The amendments implemented into Polish law in 2011 necessitate the appointment of an agent for delivery (proxy) based in Poland for applicants who do not reside in Poland. In practice, this means that a person applying for Polish citizenship who permanently resides outside Poland cannot conduct procedures entirely via a Polish consulate. You may file an application via a consulate, but any further procedure will be conducted only through an agent for delivery based in Poland.

It is recommended that you appoint a professional and experienced agent for the case who will be able, if necessary, to respond to documents submitted by Polish authorities in a timely manner. An experienced agent will know the complexities of this procedure and will be able to handle the case successfully and without any complications or extended deadlines. The agent can also read through case files, supervise the course of the procedure, affect the case, and modify the procedure on your behalf.

3. Consulate

It is no longer possible to confirm Polish citizenship via a Polish consulate in the your country of residence. According to the amendments implemented in 2009, a person applying for the confirmation of Polish citizenship who does not permanently reside in Poland should establish, as a minimum, an agent for delivery in Poland.

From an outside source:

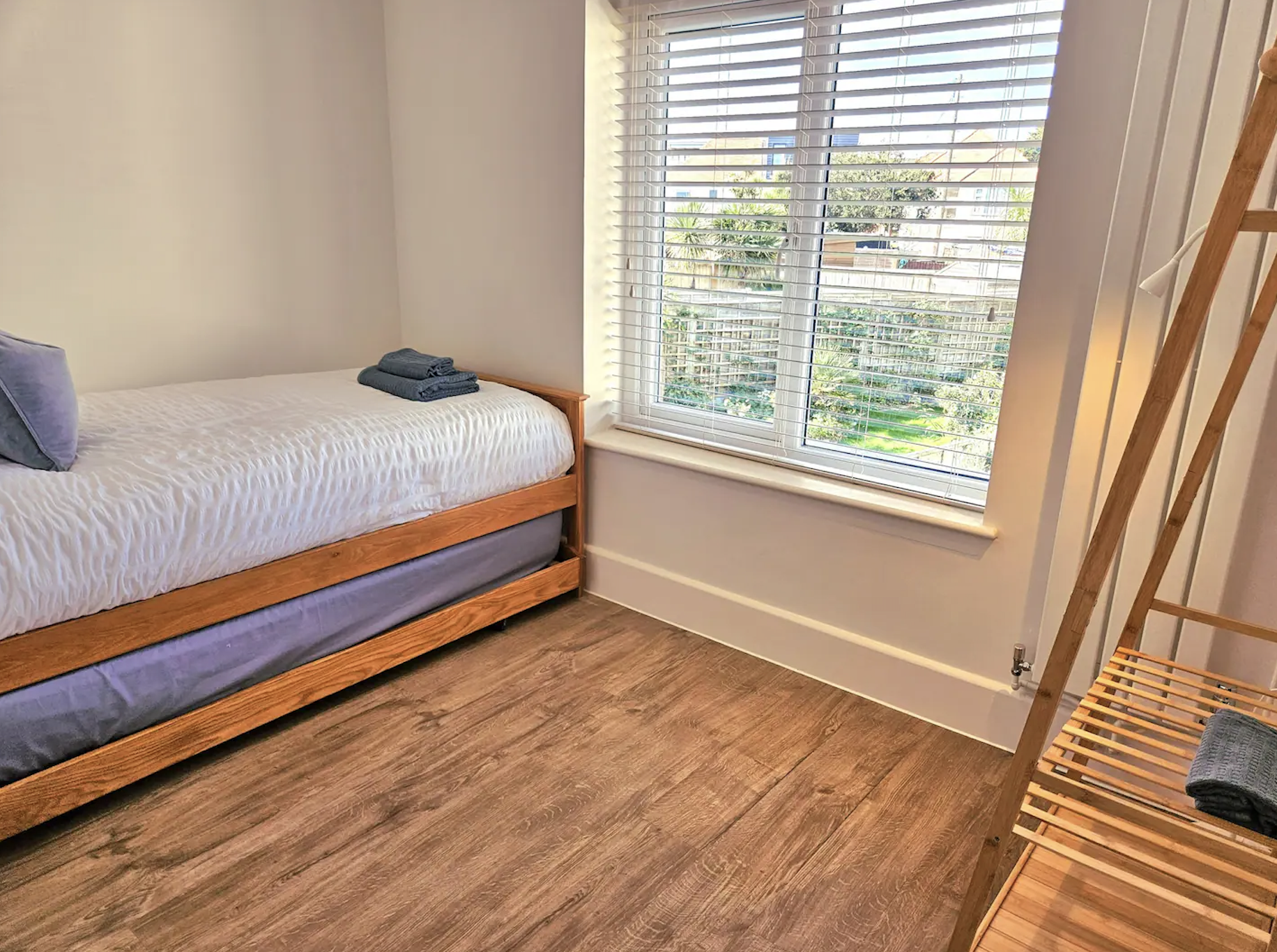 Two comfortable single beds with a view of the Mediterranean-style garden, and the option of pushing these together to make a double bed.
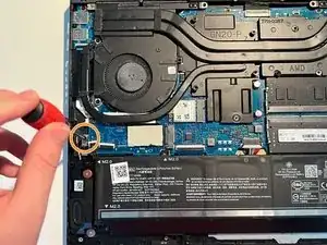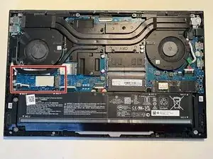 Найдите запасной слот для накопителя слева на ноутбуке.

This means that it is possible to apply for citizenship at the consulate, but the authorities in Poland processing the case will not directly contact a person residing abroad, even via a Polish consulate. The basic aim of this amendment was to relieve Polish diplomatic missions from handling citizenship issues, the influx of which exceeded any expectations after 2004.

It is worth appointing a professional agent in Poland who is not only responsible for collecting any correspondence, but also an expert in Polish citizenship cases.

4. Costs

The overall cost that includes all what you will pay until you get your Polish European passport consists of quite few things: archival searches, translations, legal advising fee, and case processing fee, You will also pay a fee for certifying copies of documents in your country and a Polish passport fee at a Polish Consulate.

With our representation this total cost should not exceed 1'200 (twelve hundred) EUR per applicant. Of course, complicated and complex cases will cost more and take longer. This price has been calculated based on hundreds of cases from many countries that we have processed over the last 14 years.

5. Timing

The procedure for the confirmation of Polish citizenship by birth is very complex, as Polish law governing the citizenship has been amended countless times since 1920. The timespan is affected by many factors: time for searching, collecting and submitting relevant documents, translations, and administrative procedures conducted by the Polish Head of Province (Wojewoda). In most cases, the procedure should not last longer than 3 months, but we handle and have handled cases lasting longer due to their complexity.

6. Dual Citizenship

Most countries where descendants of Polish emigrants live today, such as the United States, Canada, Australia, South Africa, Brazil, Argentina, Mexico, and Israel allow dual citizenship. Polish law dictates, however, that anyone who holds dual citizenship is considered by Polish authorities exclusively as a Polish citizen irrespective of citizenship in another country.

7. Citizens' Rights and Obligations

People in possession of a Polish passport have all the same rights as any other European citizen. There is no obligatory army service in Poland. Following the European rules of no double taxation, you will not pay taxes to the Polish government if you work or do business in another European country and do not reside in Poland permanently.